▶ _ABOUT THIS TASK_
Retype exactly the lines from the one that contains "孕妇开摩托车途中没油了 交警顶着烈日帮" through the end of the listing, both included, but not the pictures.

----------

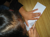まずはかる〜〜く鉛筆で濃淡の練習。それからガース・ウイリアムズの「しろいうさぎとくろいうさぎ」を紹介ました。あちこちから「知ってる〜〜♪」って声・・・さすが♪
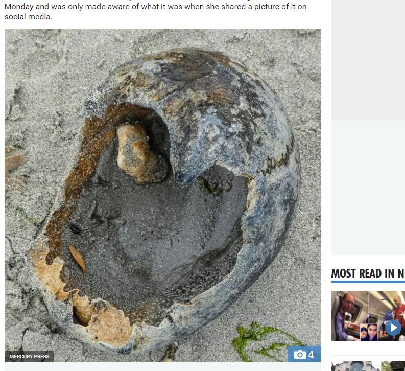 57歲的英國藝術家海倫(Helen Frost)日前在沙灘上遛狗時,意外發現一個白色易碎的「大貝殼」,她隨後將照片上傳到臉書,並發現驚人的事實。原來這個大貝殼其實是一個年老的頭蓋骨,專家表示,這個遺骸很有可能是屬於百年前的船難死者,他的遺體當時被埋葬在海灘上。
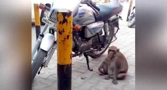 孕妇开摩托车途中没油了 交警顶着烈日帮
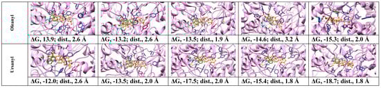 Poses, ligand-OH----OOC-Asp-protein distances and affinities of oxidosqualene cyclases (OSCs) docked with the reaction products from fruit models. ΔG, Gibbs free-energy of binding (kcal mol−1); dist, ligand-OH.…OOC-Asp-protein distances. Ligand, brown; catalytic Asp, cyan; Trp docking reference, green; Tyr/His: magenta. Other active site residues, dark blue; oxygen atoms, red; nitrogen atom, light blue and hydrogens, white.
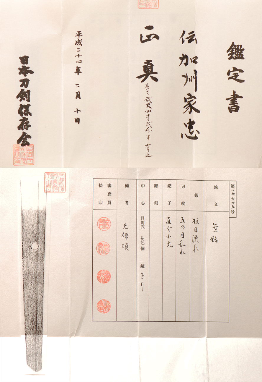 Nakago: Machi-okuri 1 mekugi ana, yasurime Kiri

----------

▶ _EXERCISE RESULT_
 孕妇开摩托车途中没油了 交警顶着烈日帮
 Poses, ligand-OH----OOC-Asp-protein distances and affinities of oxidosqualene cyclases (OSCs) docked with the reaction products from fruit models. ΔG, Gibbs free-energy of binding (kcal mol−1); dist, ligand-OH.…OOC-Asp-protein distances. Ligand, brown; catalytic Asp, cyan; Trp docking reference, green; Tyr/His: magenta. Other active site residues, dark blue; oxygen atoms, red; nitrogen atom, light blue and hydrogens, white.
 Nakago: Machi-okuri 1 mekugi ana, yasurime Kiri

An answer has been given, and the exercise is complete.